■ WHAT IS REQUIRED ■
Each record that follows should be repeated exactly, with no pictures carried over.

========

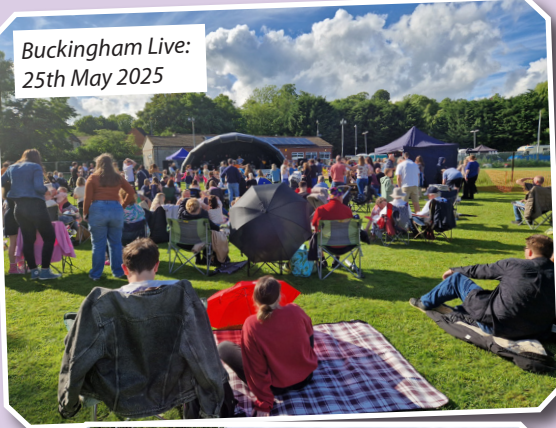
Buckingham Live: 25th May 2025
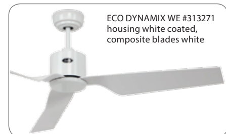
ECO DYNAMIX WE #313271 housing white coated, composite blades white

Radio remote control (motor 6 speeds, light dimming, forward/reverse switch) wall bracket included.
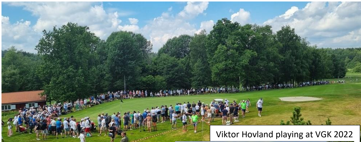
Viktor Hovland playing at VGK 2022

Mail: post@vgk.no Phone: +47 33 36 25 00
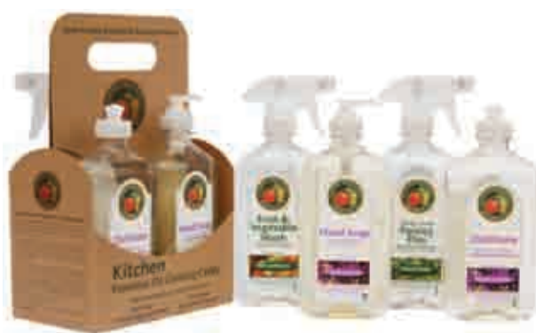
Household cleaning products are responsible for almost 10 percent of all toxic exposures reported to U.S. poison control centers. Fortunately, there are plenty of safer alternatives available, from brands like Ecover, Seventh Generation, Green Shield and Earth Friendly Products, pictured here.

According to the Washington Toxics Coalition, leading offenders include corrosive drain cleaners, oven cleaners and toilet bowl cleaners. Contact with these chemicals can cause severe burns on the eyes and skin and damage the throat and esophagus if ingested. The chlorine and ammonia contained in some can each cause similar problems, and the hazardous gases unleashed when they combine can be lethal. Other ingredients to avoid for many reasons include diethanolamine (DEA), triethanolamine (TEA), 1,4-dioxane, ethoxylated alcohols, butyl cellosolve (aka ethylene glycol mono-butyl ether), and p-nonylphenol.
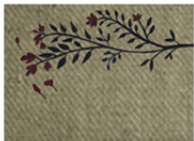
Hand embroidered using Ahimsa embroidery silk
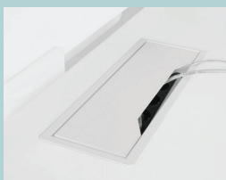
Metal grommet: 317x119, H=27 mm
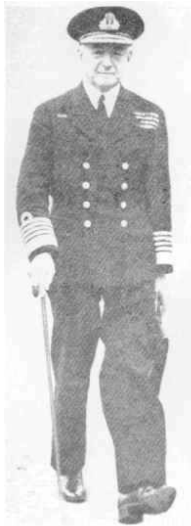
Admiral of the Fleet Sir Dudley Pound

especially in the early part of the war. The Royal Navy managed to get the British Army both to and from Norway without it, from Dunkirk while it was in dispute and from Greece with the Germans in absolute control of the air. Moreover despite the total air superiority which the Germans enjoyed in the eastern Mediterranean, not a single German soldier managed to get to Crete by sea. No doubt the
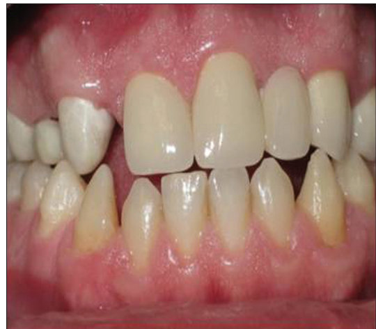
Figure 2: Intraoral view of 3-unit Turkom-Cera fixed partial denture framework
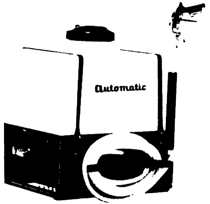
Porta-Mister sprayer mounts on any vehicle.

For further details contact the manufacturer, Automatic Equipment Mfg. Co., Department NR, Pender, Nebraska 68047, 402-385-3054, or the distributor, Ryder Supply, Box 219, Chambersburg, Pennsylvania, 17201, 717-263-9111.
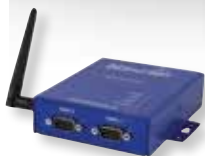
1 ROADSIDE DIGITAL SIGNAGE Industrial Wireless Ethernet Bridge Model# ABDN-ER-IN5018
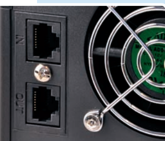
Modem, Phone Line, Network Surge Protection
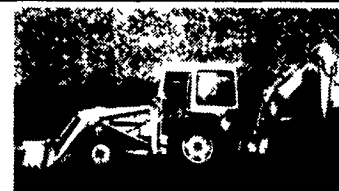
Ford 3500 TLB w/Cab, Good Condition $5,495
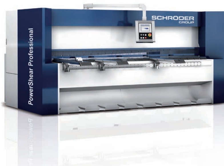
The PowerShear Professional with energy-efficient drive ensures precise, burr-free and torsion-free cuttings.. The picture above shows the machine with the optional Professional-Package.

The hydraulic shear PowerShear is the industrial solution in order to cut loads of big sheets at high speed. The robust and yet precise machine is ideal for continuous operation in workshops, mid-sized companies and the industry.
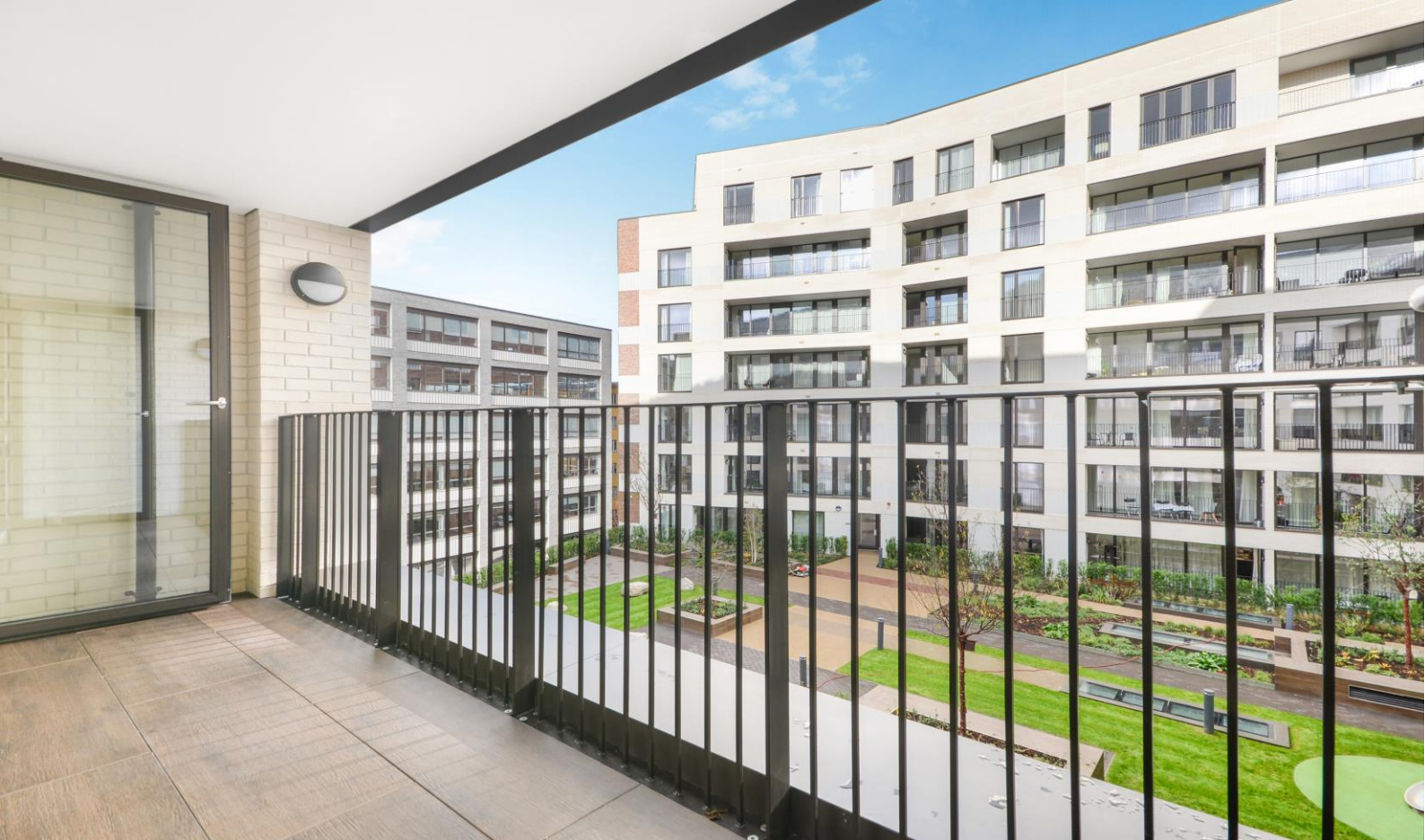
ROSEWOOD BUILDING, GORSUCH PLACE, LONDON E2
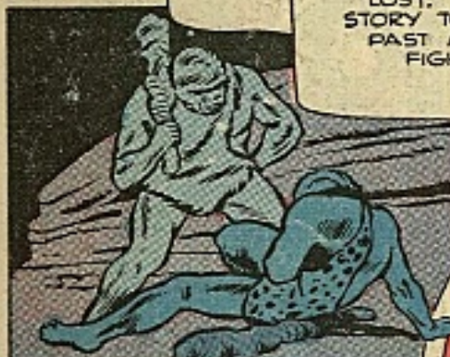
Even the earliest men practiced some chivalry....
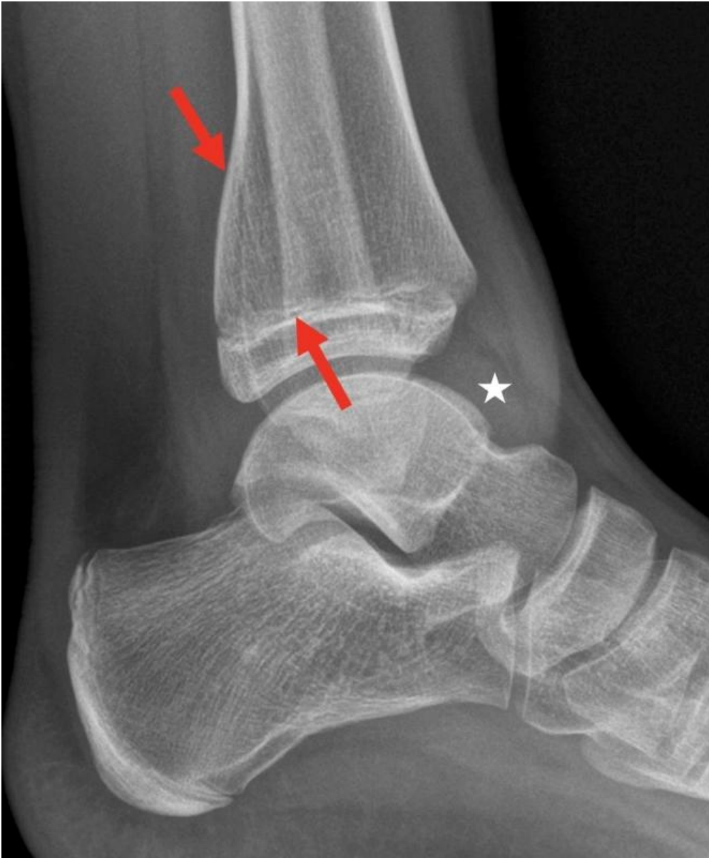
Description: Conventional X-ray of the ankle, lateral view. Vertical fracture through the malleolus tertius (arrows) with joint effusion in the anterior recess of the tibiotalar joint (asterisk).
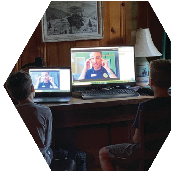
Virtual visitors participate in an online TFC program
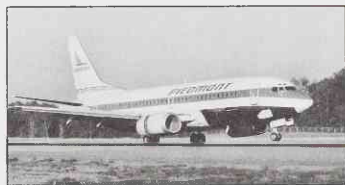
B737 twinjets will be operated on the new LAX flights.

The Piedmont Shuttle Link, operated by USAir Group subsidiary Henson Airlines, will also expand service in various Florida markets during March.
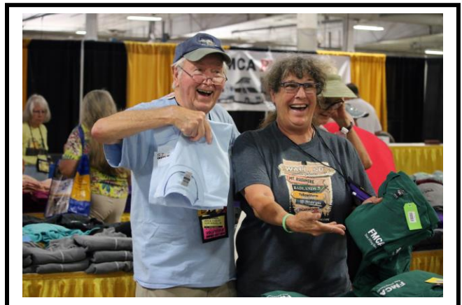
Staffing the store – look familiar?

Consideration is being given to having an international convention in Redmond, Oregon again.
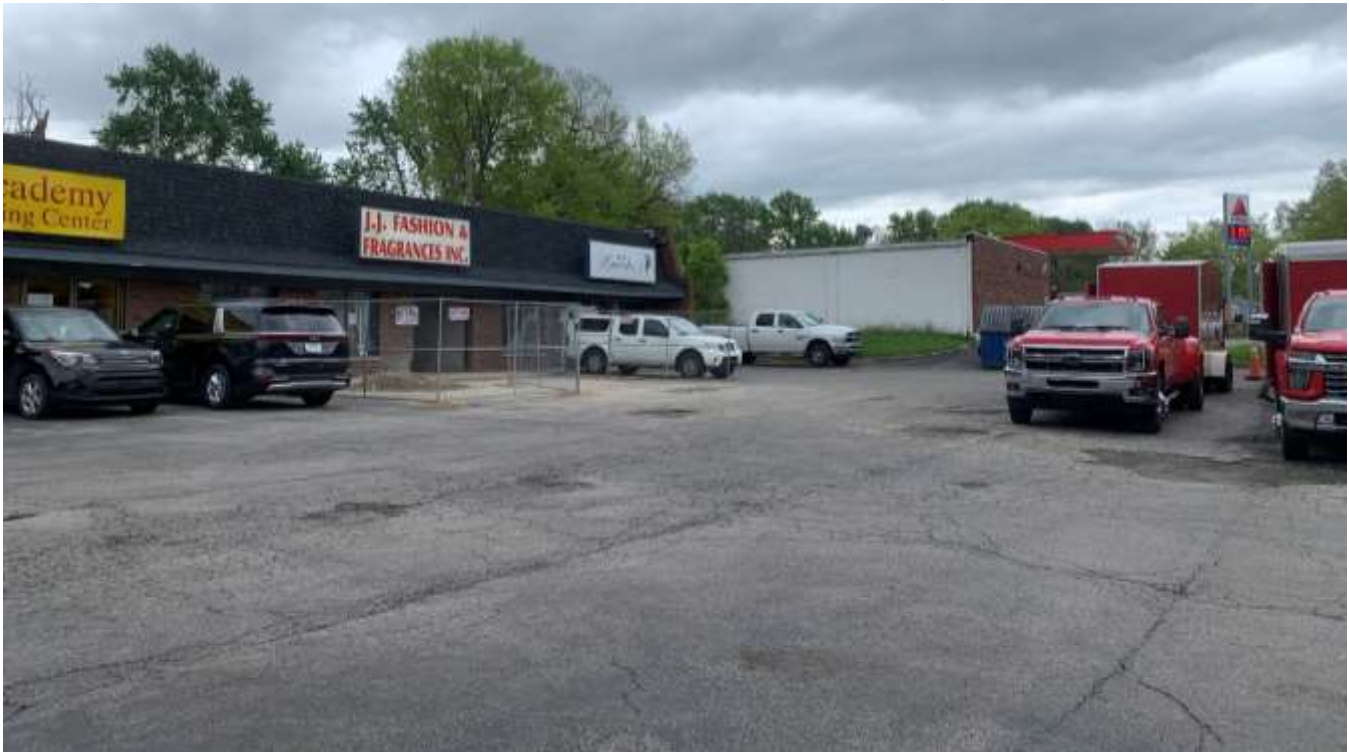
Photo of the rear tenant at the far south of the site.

========

■ ANSWER ■
Buckingham Live: 25th May 2025
ECO DYNAMIX WE #313271 housing white coated, composite blades white

Radio remote control (motor 6 speeds, light dimming, forward/reverse switch) wall bracket included.
Viktor Hovland playing at VGK 2022

Mail: post@vgk.no Phone: +47 33 36 25 00
Household cleaning products are responsible for almost 10 percent of all toxic exposures reported to U.S. poison control centers. Fortunately, there are plenty of safer alternatives available, from brands like Ecover, Seventh Generation, Green Shield and Earth Friendly Products, pictured here.

According to the Washington Toxics Coalition, leading offenders include corrosive drain cleaners, oven cleaners and toilet bowl cleaners. Contact with these chemicals can cause severe burns on the eyes and skin and damage the throat and esophagus if ingested. The chlorine and ammonia contained in some can each cause similar problems, and the hazardous gases unleashed when they combine can be lethal. Other ingredients to avoid for many reasons include diethanolamine (DEA), triethanolamine (TEA), 1,4-dioxane, ethoxylated alcohols, butyl cellosolve (aka ethylene glycol mono-butyl ether), and p-nonylphenol.
Hand embroidered using Ahimsa embroidery silk
Metal grommet: 317x119, H=27 mm
Admiral of the Fleet Sir Dudley Pound

especially in the early part of the war. The Royal Navy managed to get the British Army both to and from Norway without it, from Dunkirk while it was in dispute and from Greece with the Germans in absolute control of the air. Moreover despite the total air superiority which the Germans enjoyed in the eastern Mediterranean, not a single German soldier managed to get to Crete by sea. No doubt the
Figure 2: Intraoral view of 3-unit Turkom-Cera fixed partial denture framework
Porta-Mister sprayer mounts on any vehicle.

For further details contact the manufacturer, Automatic Equipment Mfg. Co., Department NR, Pender, Nebraska 68047, 402-385-3054, or the distributor, Ryder Supply, Box 219, Chambersburg, Pennsylvania, 17201, 717-263-9111.
1 ROADSIDE DIGITAL SIGNAGE Industrial Wireless Ethernet Bridge Model# ABDN-ER-IN5018
Modem, Phone Line, Network Surge Protection
Ford 3500 TLB w/Cab, Good Condition $5,495
The PowerShear Professional with energy-efficient drive ensures precise, burr-free and torsion-free cuttings.. The picture above shows the machine with the optional Professional-Package.

The hydraulic shear PowerShear is the industrial solution in order to cut loads of big sheets at high speed. The robust and yet precise machine is ideal for continuous operation in workshops, mid-sized companies and the industry.
ROSEWOOD BUILDING, GORSUCH PLACE, LONDON E2
Even the earliest men practiced some chivalry....
Description: Conventional X-ray of the ankle, lateral view. Vertical fracture through the malleolus tertius (arrows) with joint effusion in the anterior recess of the tibiotalar joint (asterisk).
Virtual visitors participate in an online TFC program
B737 twinjets will be operated on the new LAX flights.

The Piedmont Shuttle Link, operated by USAir Group subsidiary Henson Airlines, will also expand service in various Florida markets during March.
Staffing the store – look familiar?

Consideration is being given to having an international convention in Redmond, Oregon again.
Photo of the rear tenant at the far south of the site.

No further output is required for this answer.